Screening Filters
Price: min $0.50, max $5
- Purpose: Capture “penny stocks” by focusing on very low-priced shares, while excluding ultra-cheap illiquid names.
- Rationale: In the U.S., a common practical definition of a penny stock is any stock trading under $5 per share. Setting the upper bound at $5 directly targets this category. The $0.50 minimum helps avoid many sub-penny or extreme micro-priced stocks that are often highly illiquid, easily manipulated, or hard for most investors to trade efficiently.
Market Cap: min $50M, max $1B
- Purpose: Keep the universe in the “small company” space typically associated with penny stocks, while filtering out the tiniest, riskiest shells.
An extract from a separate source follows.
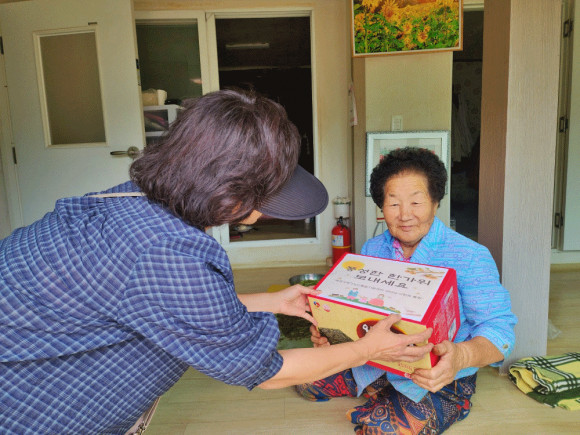 센터는 소외계층 어르신들이 넉넉하고 따뜻한 추석을 보내시길 바라는 마음으로 오미자김 선물세트를 전달하며 어르신들의 건강과 안부를 살폈다.

- Rationale: Penny stocks are usually smaller companies by size, not just price. A cap of $1B avoids larger, more-established firms that happen to trade at low prices for technical reasons (e.g., after a stock split). The $50M floor removes the most speculative micro-cap and nano-cap names where financial disclosure and liquidity can be extremely poor.
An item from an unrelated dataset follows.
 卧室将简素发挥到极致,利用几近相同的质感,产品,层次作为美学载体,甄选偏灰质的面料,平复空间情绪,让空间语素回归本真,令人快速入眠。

Monthly Average Dollar Volume: min $1,000,000
- Purpose: Ensure a minimum level of trading activity and liquidity.
- Rationale: Many penny stocks trade only a few thousand dollars a day, making them hard to enter or exit without big price impact. Requiring at least $1M in average dollar volume screens for names that, while still penny stocks, are more actively traded and somewhat more practical to buy and sell.
Relative Volume: min 1.5
- Purpose: Focus on penny stocks currently experiencing higher-than-normal trading interest.
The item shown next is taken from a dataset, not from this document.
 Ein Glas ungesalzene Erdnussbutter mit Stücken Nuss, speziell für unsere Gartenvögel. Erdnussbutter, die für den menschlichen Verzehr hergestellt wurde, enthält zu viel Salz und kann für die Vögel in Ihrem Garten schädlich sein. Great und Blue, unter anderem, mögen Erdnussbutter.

- Rationale: A relative volume ≥ 1.5 means the stock is trading at least 50% more volume than its typical level. This often signals increased attention, news, or momentum—common reasons traders look at penny stocks in the first place—while still staying within the penny stock universe defined above.
1-Month Price Change %: min 10%, max 150%
- Purpose: Target penny stocks that have moved meaningfully in the past month, but exclude the most extreme spikes.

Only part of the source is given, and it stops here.